Saenz Sarah, Bhatti Anila, Beck Aaron, Long Micah T
Department of Anesthesiology, University of Wisconsin Hospital and Clinics, Madison, WI, USA.
Department of Orthopedic Surgery, University of Wisconsin Hospital and Clinics, Madison, WI, USA.
Tanaffos. 2024 Apr;23(4):409-412.
Lactic acidosis is commonly encountered in critical care and can be a harbinger of life-threatening conditions and end-organ ischemia. Importantly, however, other etiologies of lactic acidosis exist. We review the first case of methylprednisolone-induced lactic acidosis in a previously healthy patient who suffered from traumatic spinal cord injury (SCI). A 19-year-old female presented to a level 1 trauma center after a fall resulted in lower extremity paralysis. After imaging revealed a chance fracture dislocation of T7-8 along with spinal cord compromise and swelling, the patient underwent emergent T5-T11 instrumented fusion. Postoperatively, she was given high-dose methylprednisolone in hopes of improving neurologic outcome; soon after administration, she developed lactic acidosis. After workup ruled out hypoperfusion and type A lactic acidosis, we determined that methylprednisolone likely induced non-ischemic, type B, lactic acidosis. The lactate quickly returned to baseline after steroid discontinuation. It is important for clinicians to consider type B lactic acidosis in the ICU in patients with persistent lactic acidosis after tissue hypoperfusion has been ruled out.

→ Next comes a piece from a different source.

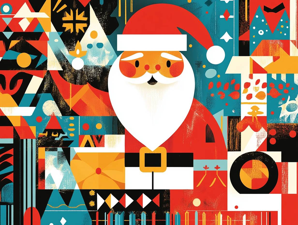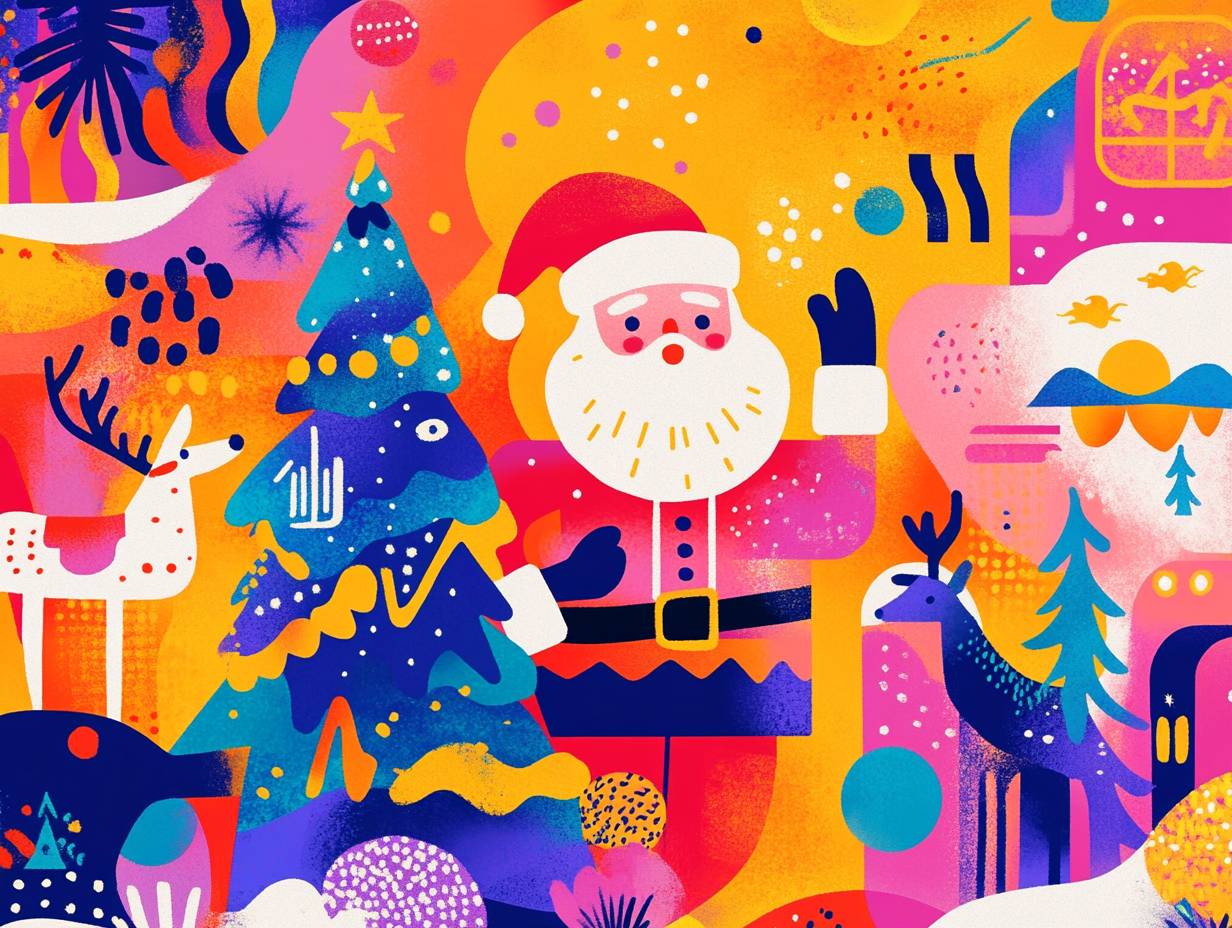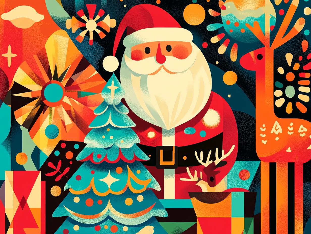 Eine Weihnachtsillustration mit dem Weihnachtsmann, einem Weihnachtsbaum und Rentieren, die helle Farben und kräftige Muster unter Verwendung der Formensprachetechnik kombiniert.

乳酸性酸中毒在重症监护中很常见,可能是危及生命的情况和终末器官缺血的先兆。然而,重要的是,乳酸性酸中毒还存在其他病因。我们回顾了首例甲基强的松龙诱发的乳酸性酸中毒病例,该病例发生在一名既往健康、患有创伤性脊髓损伤(SCI)的患者身上。一名19岁女性在跌倒导致下肢瘫痪后被送往一级创伤中心。影像学检查显示T7 - 8椎体 Chance 骨折脱位伴脊髓损伤和肿胀后,该患者接受了急诊T5 - T11器械融合术。术后,她接受了大剂量甲基强的松龙治疗,以期改善神经功能结局;用药后不久,她就出现了乳酸性酸中毒。在排除低灌注和A型乳酸性酸中毒后,我们确定甲基强的松龙可能诱发了非缺血性B型乳酸性酸中毒。停用类固醇后,乳酸水平迅速恢复至基线。对于临床医生而言,在重症监护病房中,对于已排除组织低灌注但仍存在持续性乳酸性酸中毒的患者,考虑B型乳酸性酸中毒很重要。